HintName: [a-zA-Z][a-zA-Z_]*

Params:

 				Identifier[, Identifier]

      |

      	Identifier=Identifier[, Identifier=Identifier]

Identifier: [a-zA-Z_][a-zA-Z_0-9]*        

Built-in hints

The following four built-in hints are used currently:

| Hint name | Meaning | Syntax |

|-- | -- | -- |

| HASH_JOIN | 1) This hint applies to a table. 2) HashJoin is preferred when a table with this hint executes a join and this table is preferred as an inner build table. | HASH_JOIN(tableName1, tableName2,...)|

| LOOKUP_JOIN | 1) This hint applies to a table. 2) LookupJoin is preferred when a table with this hint executes a join and this table is preferred as an inner build table. | LOOKUP_JOIN(tableName1, tableName2,...)|

| NORMAL_AGG | 1) The aggregation node that the hint applies to preferentially performs execution. | NORMAL_AGG( distributionCheck='false' | 'true', propScope='all')distributionCheck specifies whether to check the current distribution. If you specify ddistributionCheck=’true‘ but the aggregation group key is not a routing field, the current hint is invalid. propScope: specifies whether to push the hint to other aggregation nodes. If you specify propSCope='all', the system pushes the hint to the current aggregation node and the downstream aggregation nodes. If you do not specify this parameter, the system pushes the hint to the nearest aggregation node. |

| NO_INDEX | 1) For fields that the hint applies to, index optimization is preferentially disabled during filtering. | NO_INDEX( tableName='t1', fields='a, b, c')tableName: used to specify the table name. fields: specifies the fields for which you want to disable the index optimization feature. |

Examples

HASH_JOIN


SELECT

    /*+ HASH_JOIN(tj_relation)*/

    *

FROM

    (

        SELECT

            /*+ HASH_JOIN(tj_item_raw)*/

            *

        FROM

            (

                SELECT

                    sum(tj_item.id) as sum0

                FROM

                    tj_item

                GROUP BY

                    tj_item.id

            ) B

            JOIN tj_item_raw on B.sum0 = tj_item_raw.id   --> (1)

    ) D

    JOIN tj_relation on D.sum0 = tj_relation.item_id    --> (2)

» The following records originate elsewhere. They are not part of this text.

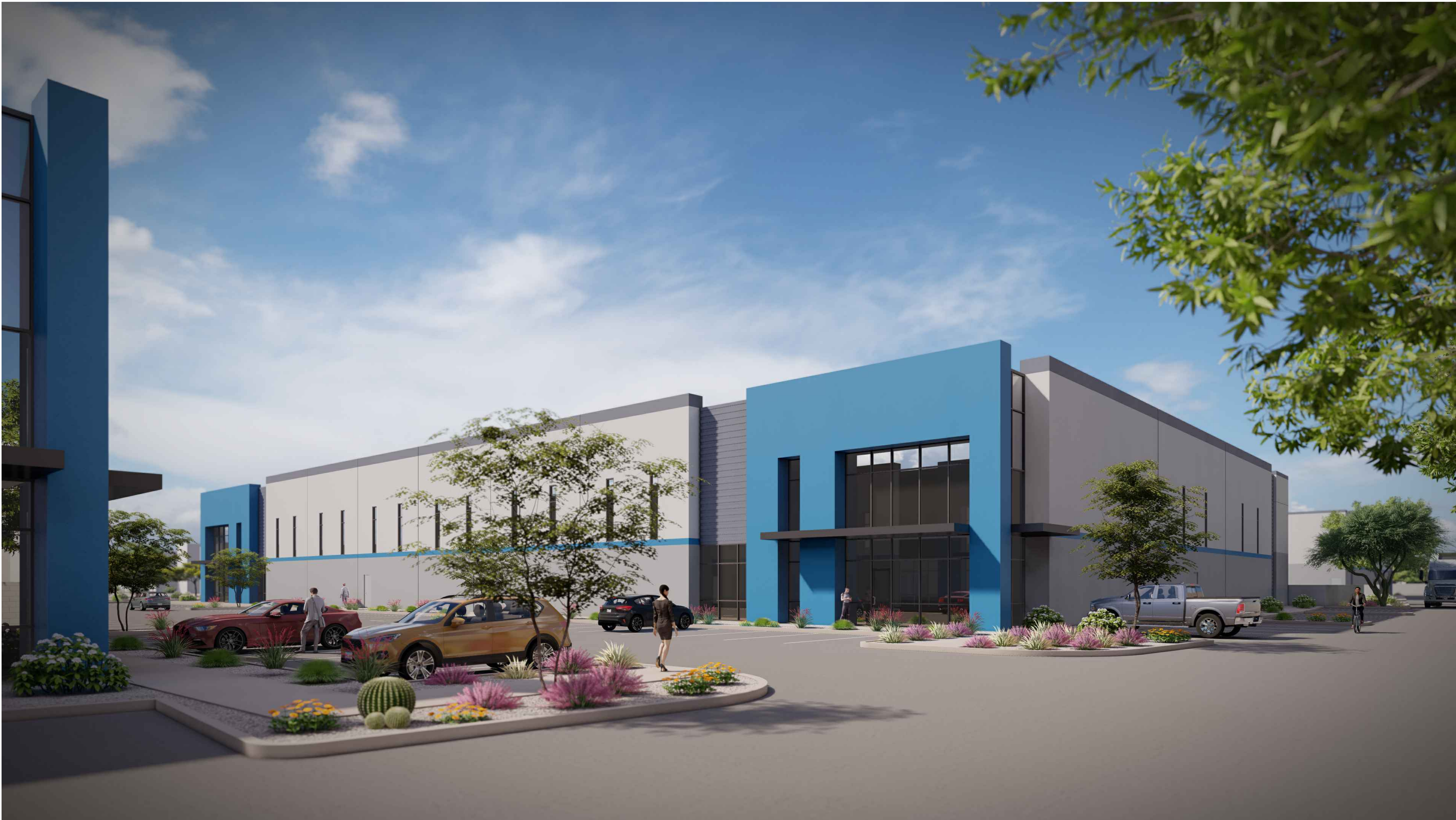
1 PERSPECTIVE RENDERING SCALE: N/A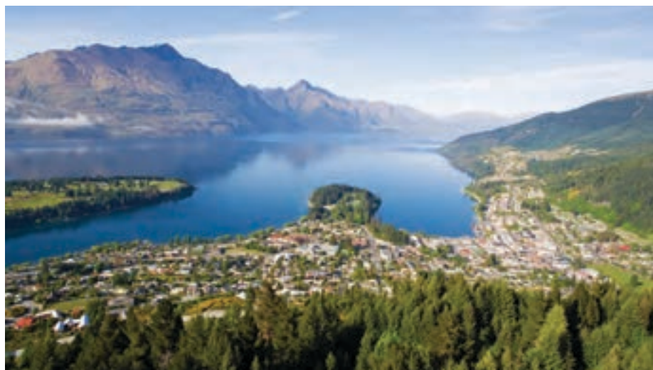
Enjoy time to explore Queenstown's stunning surrounds

Why not extend your adventure and explore Australia first? Escorted by our expert Travelmarvel Tour Directors, you'll visit the highlights and hidden gems across Australia & New Zealand over 36 days. Take advantage of our seamless connections and see pages 68 & 69 for itinerary details and pricing.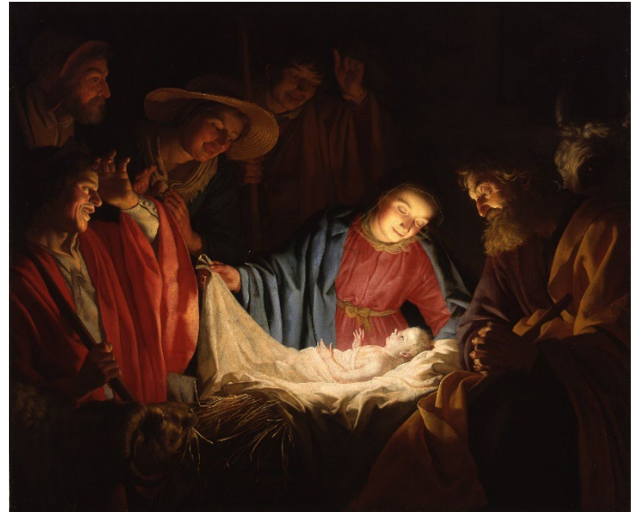
'Adoration of the shepherds', by Gerard van Honthorst.

Parish of S Alphage, Burnt Oak [Hendon] with S Augustine, Grahame Park. www.stalphage.org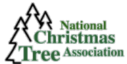
National Christmas Tree Association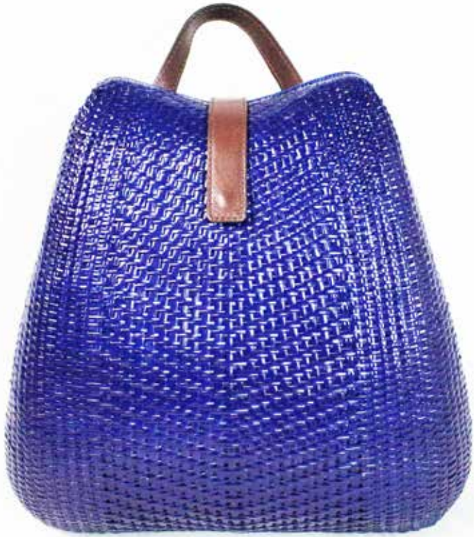
ROVER PABLO BACKPACK DEEP BLUE CHAIRCANE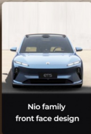
Nio family front face design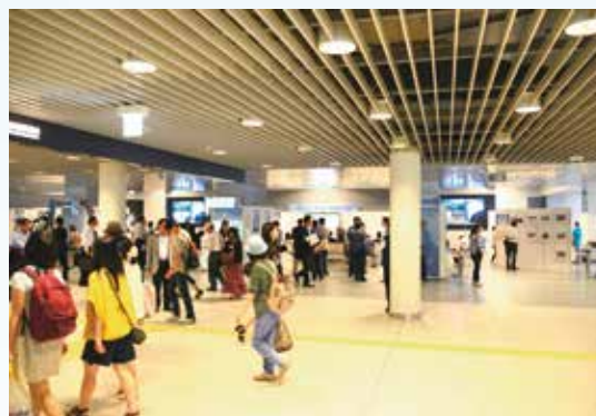
Sapporo Ekimae-dori Underground Walkway "Chi-ka-ho"

This expo will serve as a means for member cities from around the world to display and sell specialty goods from their regions to Sapporo residents. The tentative venue for this expo is an underground passageway spanning the city center which sees a large volume of traffic.

Hash join hints are specified to optimize the two join operations.     

LOOKUP_JOIN


SELECT

    /*+ LOOKUP_JOIN(tj_relation)*/

    *

FROM

    (

        SELECT

            /*+ LOOKUP_JOIN(tj_item_raw)*/

            *

        FROM

            (

                SELECT

                    sum(tj_item.id) as sum0

                FROM

                    tj_item

                GROUP BY

                    tj_item.id

            ) B

            JOIN tj_item_raw on B.sum0 = tj_item_raw.id  ---> (1)

    ) D

    JOIN tj_relation on D.sum0 = tj_relation.item_id   ---> (2)



Lookup join hints are specified to optimize the two join operations.    

NORMAL_AGG


SELECT

    /*+ LOOKUP_JOIN(tj_relation), NORMAL_AGG(distributionCheck='false', propScope='all')*/

    tj_relation.price

FROM

    (

        SELECT

            *

        FROM

            (

                SELECT

                    sum(tj_item.id) as sum0

                FROM

                    tj_item

                GROUP BY              ----> (1)

                    tj_item.id

            ) B

            JOIN tj_item_raw ON B.sum0 = tj_item_raw.id

    ) D

    JOIN tj_relation ON D.sum0 = tj_relation.item_id

GROUP BY                             ----> (2)

    tj_relation.price



The aggregation operations are normal aggregation operations. The system does not split the aggregation operations into two phases.

NO_INDEX


SELECT

    /*+ LOOKUP_JOIN(tj_relation), NO_INDEX(tableName='tj_relation', fields='pk') */

    *

FROM

    (

        SELECT

            /*+ NO_INDEX(tableName='tj_item', fields='shop_id, reserve_price') */

            *

        FROM

            (

                SELECT

                    SUM(tj_item.id) as sum0

                FROM

                    tj_item

                    /*+ NO_INDEX(tableName='tj_item', fields='shop_id') */

                WHERE

                        tj_item.id = 100       

                    AND

                        tj_item.shop_id = 500   ---> (2)

                GROUP BY

                    tj_item.id

            ) B

            JOIN tj_item_raw on B.sum0 = tj_item_raw.id

    ) D

    JOIN tj_relation /*+ NO_INDEX(tableName='tj_relation', fields='item_id') */  on D.sum0 = tj_relation.item_id

WHERE

    tj_relation.item_id = 900 AND tj_relation.pk = 100   ---> (1)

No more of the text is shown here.